I quite enjoy historical fiction, as a general principle, when it's well-researched, and contains characters doing things that people of their age and station might reasonably do in that time. But the thing you describe is just lying - and whether it's lying because of laziness, ignorance, stupidity, or whatever else doesn't really matter much.
Then I opened to the relevant page--and discovered that Famous Scholar had actually made penciled checkmarks (!) on the pages, one for each variant he found. And he must have had a liquid lunch or something, for he missed 50 % of the variants that were right there, obvious, in front of God and everybody...
My opinion of Famous Scholar has never recovered.
And Schliemann is suspected of primping the golden masks he found at Troy to make them more like his idea of ancient kings.
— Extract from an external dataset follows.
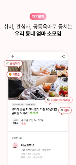 - 말하지 않아도 엄마들끼리는 통하는 게 있으니까! 동네 산책모임, 취미 모임, 공동육아 모임을 직접 만들고 참여해요.

I've had a similar experience reading a new biography of Muriel Spark describing her marriage to Oswald Spark and her time in what was then Southern Rhodesia in the late 1930s. I'm sympathetic to anyone trying to describe a place as obscure and complex as this British colony and I can see she read some Doris Lessing, but she didn't look at a map of southern Africa. This sentence made me want to throw the book across the room: '... geographically, it was bordered by the Zambezi to the north, the Limpopo to the south (‘that great grey-green, greasy Limpopo river,’ wrote Kipling, ‘all set about with fever-trees’), the Kalahari desert to the east, and to the west the mountains that divide the country from
Mozambique.'
Well, no. I grew up in the Eastern Highlands of Zimbabwe on the Mozambique border, definitely in the east, not the west. And the Kalahari desert is really far away down south, far below the Limpopo in South Africa, certainly not to the east. Is she talking about the Namib desert to the west? But that's beyond Botswana. Wrong, wrong, wrong.
But looking at reviews online, people seem to be reading this as more factual than it was. I can't read the TLS review as it's behind a paywall but it's headed 'Savage Scotland.'
The opening lines of the novel (written by drunken and disturbed unreliable narrator Malcolm) say My name is Malcolm MacPhee. If you are wondering why it falls to me to tell this tale, it is for no other reason than this - I am the only one left.
He must have been pretty drunk to have thought that as the 1861 census shows two sisters, a brother, two nieces and a nephew living close by.
Then by the end of the novel a drunken Malcolm muses They wish to rid Liniclate of the last of the MacPhees for I am a blight on the parish.
He's not the last of the MacPhees! There are MacPhees in Liniclate in every census up to the last published census in 1921! His brother John raised a family of nine wee MacPhees there. Malcolm himself went on to marry and raise a family there.
The quality of the writing is great; it's an engrossing novel.